#### EXTRACTED MATERIAL:
-- Opening Marker --

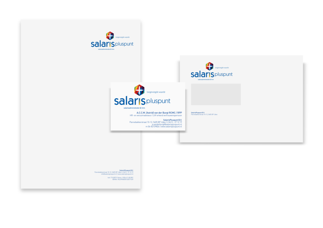 Voor SalarisPluspunt is het logo ontwikkeld, dat is doorvertaald in de huisstijl en website. www.salarispluspunt.nl
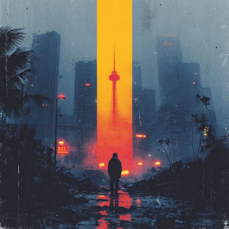 The Flood Aerial View style transforms the subject into a surreal, water-submerged landscape seen from above. Buildings, streets, and objects appear partially drowned, with glowing lights and reflections creating a haunting, dreamlike atmosphere of quiet catastrophe.
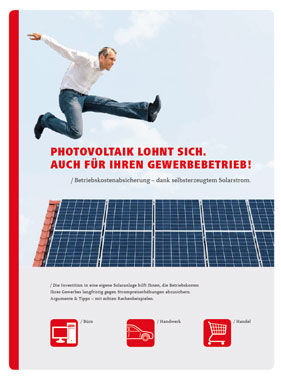 Mit der Kampagne PV lohnt sich gibt Fronius Fachpartnern und Handwerksbetrieben Argumente und Instrumente an die Hand, welche die Vorteile und Attraktivität von Solarstrom sowie dessen Nutzung gegenüber Eigenheimbesitzern bzw. Verbrauchern herausstellen. Jetzt hat Fronius diese Aktion ausgeweitet und speziell auf Gewerbebetriebe ausgerichtet. Eine neue Informationsbroschüre mit anschaulichen Beispielen belegt, dass selbst erzeugter und genutzter Solarstrom auch für Betriebe lohnenswert ist und die Betriebskosten langfristig reduziert. Nutzen Sie diese zur Information von Gewerbetreibenden in Ihrem Einzugsgebiet oder planen Sie Informationsveranstaltungen gern auch in Kooperation mit uns. Wir unterstützen Sie bei Ihrem Vorhaben.
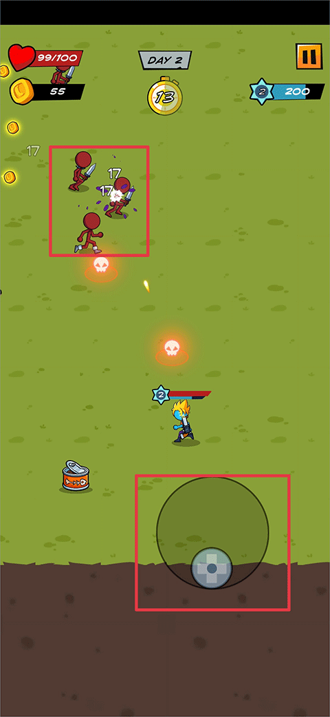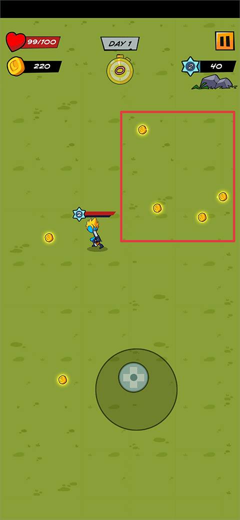 3、进了游戏,左下角那个虚拟摇杆就是控制你移动的,手指搓起来就行。你要做的就是一边风骚走位躲弹幕,一边让你的武器自动攻击,把地图上刷出来的怪全都清掉。
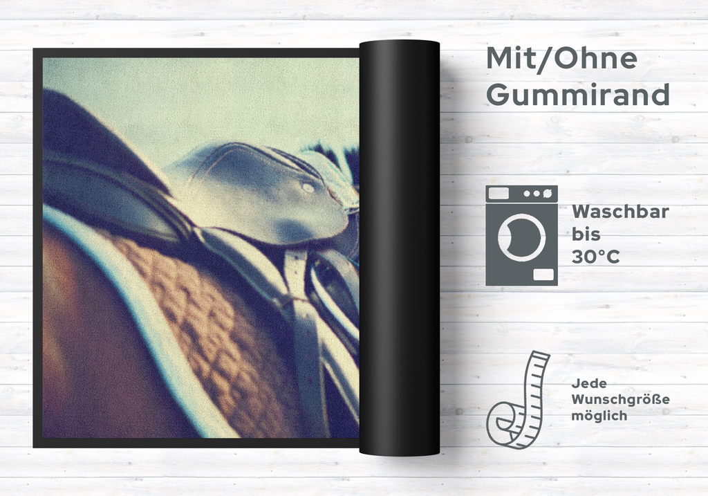 Pflegeinfo: Waschen Sie die Fussmatte Pferd 6264 separat bei 40° Temperatur mit Feinwaschmittel, schleudern diese auf niedriger Stufe, dadurch richten sich die Fasern auf, der Mattenflor wird aktiviert und transportbedingte Falten und Knicke werden wieder glatt. Pflegen Sie so Ihre Fussmatte regelmäßig und Sie werden überrascht sein, wie viele Jahre Qualität und Farbe erhalten bleiben.

-- Closing Marker --

#### WORK REQUIRED:
Output everything in the material exactly. Pictures stay out of it.

#### WRITTEN RESPONSE:
 Voor SalarisPluspunt is het logo ontwikkeld, dat is doorvertaald in de huisstijl en website. www.salarispluspunt.nl
 The Flood Aerial View style transforms the subject into a surreal, water-submerged landscape seen from above. Buildings, streets, and objects appear partially drowned, with glowing lights and reflections creating a haunting, dreamlike atmosphere of quiet catastrophe.
 Mit der Kampagne PV lohnt sich gibt Fronius Fachpartnern und Handwerksbetrieben Argumente und Instrumente an die Hand, welche die Vorteile und Attraktivität von Solarstrom sowie dessen Nutzung gegenüber Eigenheimbesitzern bzw. Verbrauchern herausstellen. Jetzt hat Fronius diese Aktion ausgeweitet und speziell auf Gewerbebetriebe ausgerichtet. Eine neue Informationsbroschüre mit anschaulichen Beispielen belegt, dass selbst erzeugter und genutzter Solarstrom auch für Betriebe lohnenswert ist und die Betriebskosten langfristig reduziert. Nutzen Sie diese zur Information von Gewerbetreibenden in Ihrem Einzugsgebiet oder planen Sie Informationsveranstaltungen gern auch in Kooperation mit uns. Wir unterstützen Sie bei Ihrem Vorhaben.
 3、进了游戏,左下角那个虚拟摇杆就是控制你移动的,手指搓起来就行。你要做的就是一边风骚走位躲弹幕,一边让你的武器自动攻击,把地图上刷出来的怪全都清掉。
 Pflegeinfo: Waschen Sie die Fussmatte Pferd 6264 separat bei 40° Temperatur mit Feinwaschmittel, schleudern diese auf niedriger Stufe, dadurch richten sich die Fasern auf, der Mattenflor wird aktiviert und transportbedingte Falten und Knicke werden wieder glatt. Pflegen Sie so Ihre Fussmatte regelmäßig und Sie werden überrascht sein, wie viele Jahre Qualität und Farbe erhalten bleiben.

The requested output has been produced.